Re: Pluggable Storage - Andres's take

From: Andres Freund <andres(at)anarazel(dot)de>
To: Heikki Linnakangas <hlinnaka(at)iki(dot)fi>, Ashwin Agrawal <aagrawal(at)pivotal(dot)io>, Tom Lane <tgl(at)sss(dot)pgh(dot)pa(dot)us>
Cc: Justin Pryzby <pryzby(at)telsasoft(dot)com>, Haribabu Kommi <kommi(dot)haribabu(at)gmail(dot)com>, Kyotaro HORIGUCHI <horiguchi(dot)kyotaro(at)lab(dot)ntt(dot)co(dot)jp>, Alvaro Herrera <alvherre(at)2ndquadrant(dot)com>, David Rowley <david(dot)rowley(at)2ndquadrant(dot)com>, Robert Haas <robertmhaas(at)gmail(dot)com>, Asim R P <apraveen(at)pivotal(dot)io>, pgsql-hackers(at)postgresql(dot)org, Dmitry Dolgov <9erthalion6(at)gmail(dot)com>, Alexander Korotkov <a(dot)korotkov(at)postgrespro(dot)ru>
Subject: Re: Pluggable Storage - Andres's take
Date: 2019-04-25 22:43:15
Views: Raw Message | Whole Thread | Download mbox | Resend email
Lists: pgsql-hackers

Hi Heikki, Ashwin, Tom,

On 2019-04-23 15:52:01 -0700, Andres Freund wrote:
> On 2019-04-08 15:34:46 +0300, Heikki Linnakangas wrote:
> > index_update_stats() calls RelationGetNumberOfBlocks(<table>). If the AM
> > doesn't use normal data files, that won't work. I bumped into that with my
> > toy implementation, which wouldn't need to create any data files, if it
> > wasn't for this.
> There are a few more of these:

> I'm not sure about doing so for v12 though. 1) and 3) are fairly
> trivial, but 2) would involve changing the FDW interface, by changing
> the AnalyzeForeignTable, AcquireSampleRowsFunc signatures. But OTOH,
> we're not even in beta1.

Hm. I think some of those changes would be a bit bigger than I initially
though. Attached is a more minimal fix that'd route
RelationGetNumberOfBlocksForFork() through tableam if necessary. I
think it's definitely the right answer for 1), probably the pragmatic
answer to 2), but certainly not for 3).

I've for now made the AM return the size in bytes, and then convert that
into blocks in RelationGetNumberOfBlocksForFork(). Most postgres callers
are going to continue to want it internally as pages (otherwise there's
going to be way too much churn, without a benefit I can see). So I
thinkt that's OK.

There's also a somewhat weird bit of returning the total relation size
for InvalidForkNumber - it's pretty likely that other AMs wouldn't use
postgres' current forks, but have equivalent concepts. And without that
there'd be no way to get that size. I'm not sure I like this, input
welcome. But it seems good to offer the ability to get the entire size

Btw, isn't RelationGetNumberOfBlocksForFork() currently weirdly placed?
I don't see why bufmgr.c would be appropriate? Although I don't think
it's particulary clear where it'd best reside - I'd tentatively say

Heikki, Ashwin, your inputs would be appreciated here, in particular the
tid fetch bit below.

The attached patch isn't intended to be applied as-is, just basis for

> 1) index_update_stats(), computing pg_class.relpages
> Feels like the number of both heap and index blocks should be
> computed by the index build and stored in IndexInfo. That'd also get
> a bit closer towards allowing indexams not going through smgr (useful
> e.g. for memory only ones).

Due to parallel index builds that'd actually be hard. Given the number
of places wanting to compute relpages for pg_class I think the above
patch routing RelationGetNumberOfBlocksForFork() through tableam is the
right fix.

> 2) commands/analyze.c, computing pg_class.relpages
> This should imo be moved to the tableam callback. It's currently done
> a bit weirdly imo, with fdws computing relpages the callback, but
> then also returning the acquirefunc. Seems like it should entirely be
> computed as part of calling acquirefunc.

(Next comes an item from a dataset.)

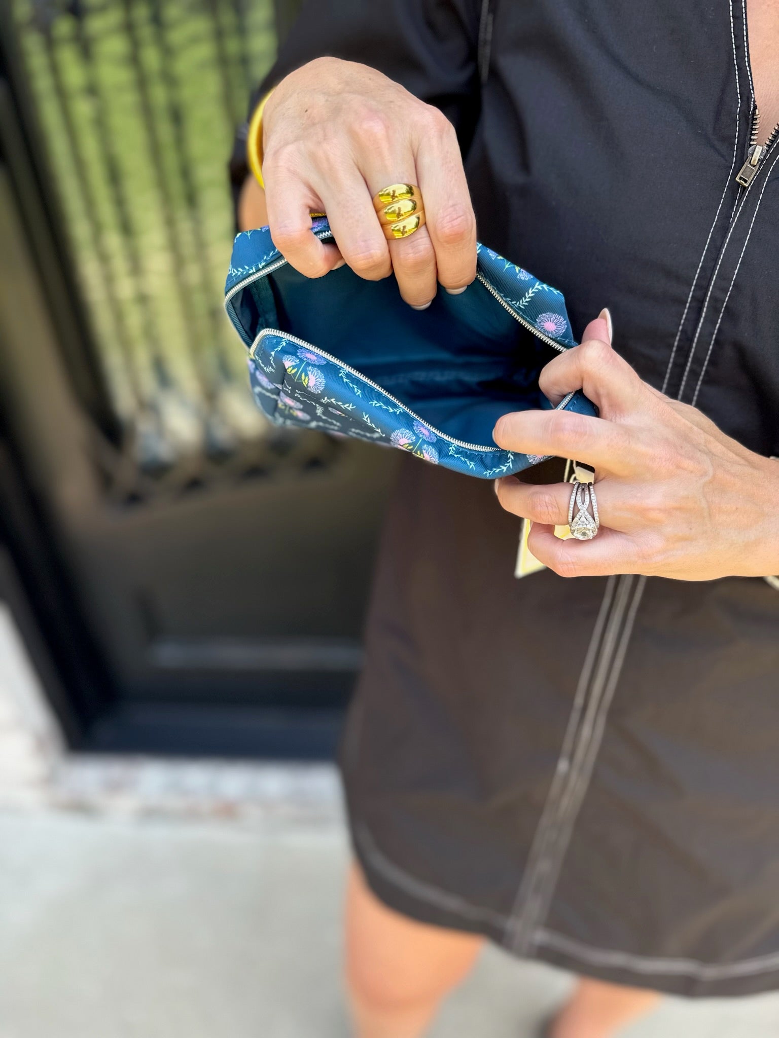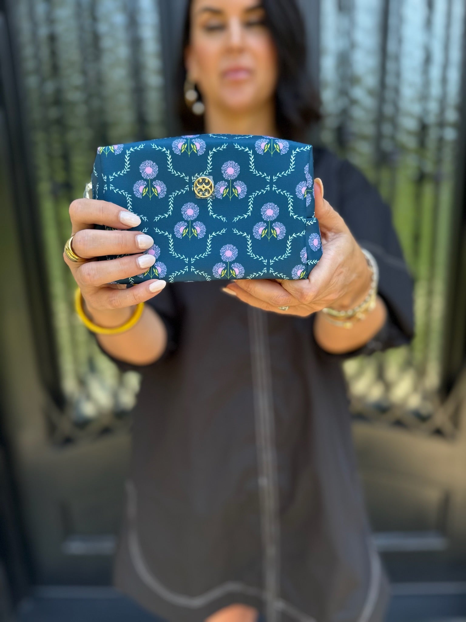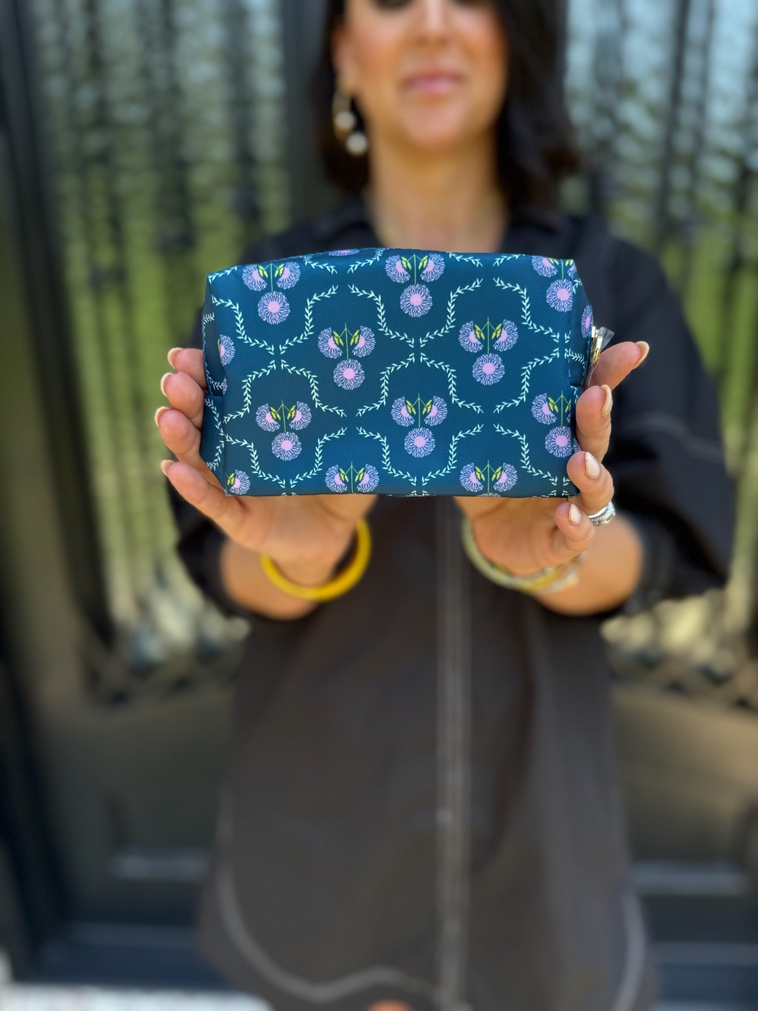 Keep your essentials organized in style with the Mary Square Let’s Face It Mini Bag in Pink Floral and Venice Vines. This compact toiletry bag combines charming floral patterns with a sleek design, making it perfect for travel or daily use. Durable and easy to carry, it ensures your cosmetics and necessities are neatly stored and easily accessible wherever you go. Elevate your routine with this beautiful, practical accessory that blends convenience with a touch of elegance.

Here I'm not sure routing RelationGetNumberOfBlocksForFork() through
tableam wouldn't be the right minimal approach too. It has the
disadvantage of implying certain values for the
RelationGetNumberOfBlocksForFork(MAIN) return value. The alternative
would be to return the desire sampling range in
table_beginscan_analyze() - but that'd require some duplication because
currently that just uses the generic scan_begin() callback.

I suspect - as previously mentioned- that we're going to have to extend
statistics collection beyond the current approach at some point, but I
don't think that's now. At least to me it's not clear how to best
represent the stats, and how to best use them, if the underlying storage
is fundamentally not block best. Nor how we'd avoid code duplication...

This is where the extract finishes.